The question is - will the Police or Security pay any attention to any of this? Look at Mr Beardy at Denbeigh, the talgarth version of Mr Beardy - all taking the law into their own hands.

Thanks for sharing this though - a great reference.


----------



## Munchh (Nov 8, 2011)

nelly said:


> Pfffft!!!! Speak for your self matey, I'm a respectable explorer, with manners and decorum



Yeah, we noticed mate. 

Have seen this somewhere else before but I couldn't possibly say where. Thanks though as there will be quite a few here who are not aware.


----------



## Pincheck (Nov 8, 2011)

Must print that off if i ever go down to do some photos of Grangemouth as you are challanged by both taking photos and security here while on the public path


----------



## Munchh (Nov 8, 2011)

There's a couple of vids somewhere online showing Elwyn (Mr. Beardy) going through his 'This is a post apocalyptic world and I am da Law' routine. I thought I was watching an episode of Jericho for a minute.

If he's SIA registered then I'm sure his appalling behaviour will catch up with him sooner or later.


----------



## godzilla73 (Nov 8, 2011)

Very useful thanks Nelly - I shall be carrying a copy about in my camera bag from now on. Good to know that sometimes, at least, the law is on our side.
GDZ


----------



## smiler (Nov 11, 2011)

night crawler said:


> I read that last night, we shall see if they can read now and if the boneheads become a little more civil towrds people who take photo's



Ye Gods NC, Have you had an unfortunate experience with those lovely security personal? Try playing stupid, I know you won’t have my innate advantage but its worth a try.


----------



## Derelict-UK (Nov 11, 2011)

I kind of miss the police/security guard confrontation you used to get in regards to photographing in public places.

Now when I take pictures of, say, a riot police line or a street scene in the city centre, I am not approached at all, it takes away the fun of it lol.

It's good to meet your local bobby/PCSO and have a chat with them. If they need to clarify the law, it's only a radio call away and you can get on with it.

The security guard at longbridge was best, I was photographing the then recently sealed/capped entrance to the Trentham Bunker on the path outside.

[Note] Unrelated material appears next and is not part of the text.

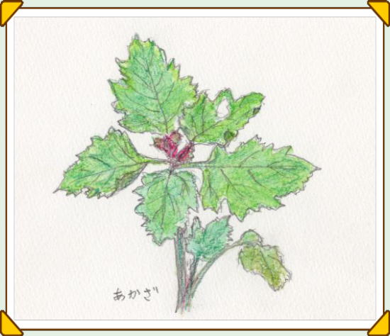 あかざ(藜)、しろざ(白藜)は、つい近年までは道端や空地に生える、ありふれた雑草だった。それが、この2、3年あまり見かけなくなり、どこへいってしまったのかと思っていたが、今年になると近所の空地で、何本も大きく育っているのに気がついた。 柔らかい茎の先のほうを摘んで、新芽の根元についた赤い粉のような毛(この毛が白いものをしろざという)をよく洗い落とし、茹でたあと水にさらして水気をきり、ごまよごしなどにする。 あかざは人によって、味の評価が大きく違うようだ。「こんなにおいしいものはない」という人もいる一方、粗末でまずい食物を例える「あかざの羹(あつもの)」という言葉もある。 昔、会津の辺りでは栽培もされていたようで、お正月料理にあかざはつきものだったと、『会津の郷土食』(星孝光著)で読んだ。 これは雪深く、長い冬に、乾燥保存したものを戻して料理していたらしい。 わたしは、あかざを「じゅうねん」(えごま)で和えたらおいしいのではないかと思うが、実際に会津の人たちが、そうした料理を作るかどうかは知らない。 |

Security man came up and told me to stop taking photos, I said no as I am on public property, so he took a picture of me lol. 

I went back to my car and got my biggest lens out of my bag and came back firing a volley of shots at him and he scuttled away


----------



## Foxylady (Nov 12, 2011)

Derelict-UK said:


> Security man came up and told me to stop taking photos, I said no as I am on public property, so he took a picture of me lol.
> 
> I went back to my car and got my biggest lens out of my bag and came back firing a volley of shots at him and he scuttled away




Cheers Nelly...that's very useful to see it actually written down, and to have.


----------



## sennelager66 (Nov 12, 2011)

Munchh said:


> There's a couple of vids somewhere online showing Elwyn (Mr. Beardy) going through his 'This is a post apocalyptic world and I am da Law' routine. I thought I was watching an episode of Jericho for a minute.
> 
> If he's SIA registered then I'm sure his appalling behaviour will catch up with him sooner or later.



Quite simply as for their SIA number. Also all SIA licences are to be carried in their person and visible. No SIA badge then they cannot prove accreditation and are therefore powerless. I use this at football grounds and they often blanch at such helpful enquiries.


----------



## FlutterGirl (Nov 13, 2011)

**

Cheers for that. I shall print it out and keep it with me!!


----------